Most of this work has been based on women selected for high-risk features, such as personal or family history of breast cancer, who underwent gene panel testing for cancer susceptibility at commercial laboratories6,7,8. Far fewer data are available to make inference about breast cancer risk for women unselected for family history, which is important to consider for population screening of affected and unaffected women. The value of population-based case-control studies and gene panel testing have recently been illustrated by Hu et al.9 who reported the outcome of a US-based study (CARRIERS consortium), involving over 32,000 affected and 32,000 unaffected women and Dorling et al.10 who reported the outcome of an international study (BRIDGES) involving 60,000 women affected and over 53,000 women unaffected by breast cancer. These studies provided improved estimates of the prevalence and the magnitude of breast cancer risk associated with pathogenic variants in known breast cancer predisposition genes to guide genetic counselling.

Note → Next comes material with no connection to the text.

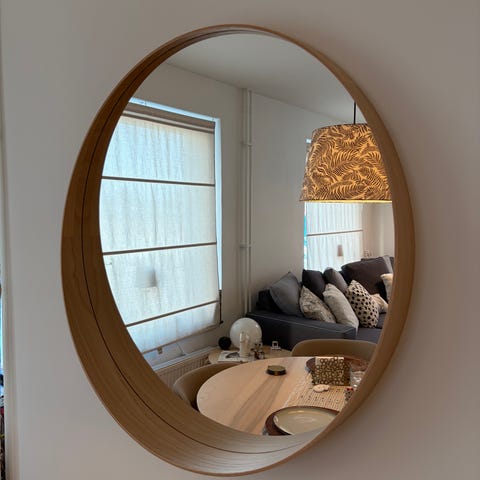 IKEA STOCKHOLM spegel i rund modell med ram i trä.

Several studies have only included women affected by breast cancer (case only) and have reported variant prevalence1,2,3,4. Kurian et al.11 linked cancer registries from Georgia and California (USA) to the gene panel testing outcomes from four key clinical testing laboratories. Their study linked 24.1% of the 77,085 women with breast cancer to genetic testing results and reported that panel testing increased the frequency of actionable genetic findings by 1.5%. Several large studies have reported estimates of breast cancer risk associated with carrying a rare germline variant in a gene included in these gene panel tests7,8,9,10,12,13,14,15,16.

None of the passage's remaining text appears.